Chronic constriction injury of the sciatic nerve promotes the expression of P2X3 receptors[37]. Furthermore, the elevated expression of the P2X3 receptor is accompanied by an increase in receptor sensitivity. It has been shown that electroacupuncture treatment can decrease the expression of the P2X3 receptors and inhibit the sensitization of the P2X3 receptors in dorsal root ganglion neurons. The analgesic effect of adenosine and ATP is slow in onset and long-lasting. It may be possible to potentiate electroacupuncture treatment to prolong its pain-relieving effects.

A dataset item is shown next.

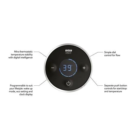 The Mira Platinum has everything for a digital shower with an innovative and sleek design. The Mira 360 showerhead features a flip action with 4 unique spray patterns. Use the wireless controller to adjust the temperature and flow and keep track of the time whilst you shower with the digital clock display. This model is suitable for high pressure systems only and comes with a 5 year guarantee from Mira.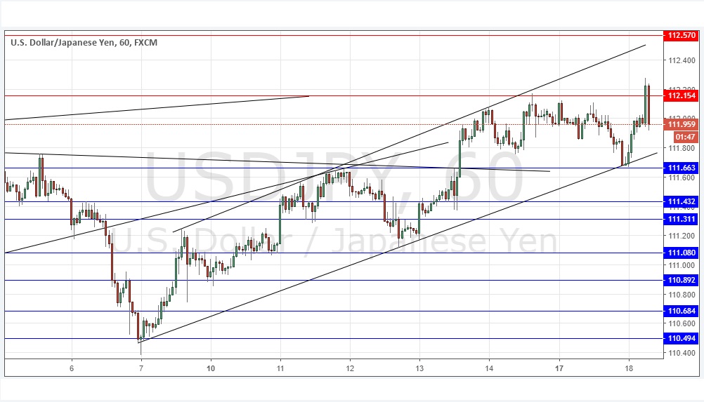 The extremely weak long-term uptrend continues, and it has been given fresh impetus by the bullish price channel which has formed over the past ten or so days which is shown within the price chart below. I was looking for a major bearish reversal at the former resistance level at 112.15 and after seeming to break up beyond this level decisively just before the London open, the price fell right back down to where it started, printing a false bullish breakout. However, the price channel and support levels remain intact, so it is looking likely that there will not be any major technical developments until the Bank of Japan’s input due later. Until then, it will probably be a superior approach to play any rejections of any key levels for a few pips only in either direction.

In the peripheral nervous system, electroacupuncture signals decrease the expression of P2X3 receptors, inhibit their activation and suppress their sensitization. On the other hand, electroacupuncture signals promote the degradation of ATP to adenosine, which may accumulate during electroacupuncture treatment and dampen pain in part by the activation of A1 receptors on the sensory afferents in ascending nerve tracts. At the same time, electroacupuncture signals promote trafficking of the A1 receptor to the cell surface and elevate the sensitization of A1 receptors to adenosine. In the central nervous system, electroacupuncture signals may modulate the release of adenosine and ATP, and increase the expression of the A1 receptor. Meanwhile, the activation of A1 receptors by adenosine may be enhanced by electroacupuncture treatment (Figure 1). Furthermore, if the synergistic effect of purinergic A1 and P2X3 receptors in electroacupuncture analgesia can be demonstrated experimentally, this may help to elucidate the possible molecular mechanisms that underpin adenosine and ATP receptors.

Figure 1

Effect of electroacupuncture (EA) signals on adenosine and adenosine 5’-triphosphate disodium (ATP) receptors within the peripheral nervous system and central nervous system (CNS) in rats with neuropathic pain.

In the peripheral nervous system, EA signals decrease the expression of P2X purinoceptor 3 (P2X3) receptors and suppress their sensitization. EA signals promote the degradation of ATP to adenosine, which may accumulate during EA treatment and diminish pain in part by the activation of A1 receptors. At the same time, EA signals promote trafficking of the A1 receptor to the cell surface and elevate the sensitization of A1 receptors to adenosine.

In the CNS, EA signals may modulate the release of adenosine and ATP and increase expression of the A1 receptor. At the same time, activation of A1 receptors by adenosine may be enhanced by EA signals.

ADP: Adenosine diphosphate; AMP: adenosine monophosphate.